--- DATASET SECTION ---
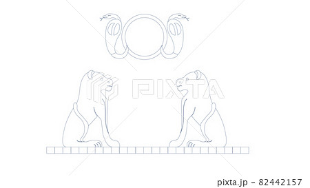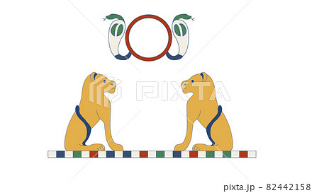 Egypt royal lions. Egypt ornamental lions and snakes composition, ornamental element of Ancient Egypt.
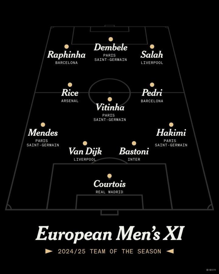后卫:努诺-门德斯(巴黎)、范戴克(利物浦)、巴斯托尼(国米)、阿什拉夫(巴黎)
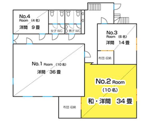 | キャンプエコノミールーム1, 2 | 10 | 40,000円 | 45,000円 | 50,000円 | 60,000円 | 11名以上 4,000円 |
---
### WORK INSTRUCTIONS:
Copy the whole listing exactly, excluding the pictures in it.

### RESPONSE TO THE TASK:
 Egypt royal lions. Egypt ornamental lions and snakes composition, ornamental element of Ancient Egypt.
后卫:努诺-门德斯(巴黎)、范戴克(利物浦)、巴斯托尼(国米)、阿什拉夫(巴黎)
 | キャンプエコノミールーム1, 2 | 10 | 40,000円 | 45,000円 | 50,000円 | 60,000円 | 11名以上 4,000円 |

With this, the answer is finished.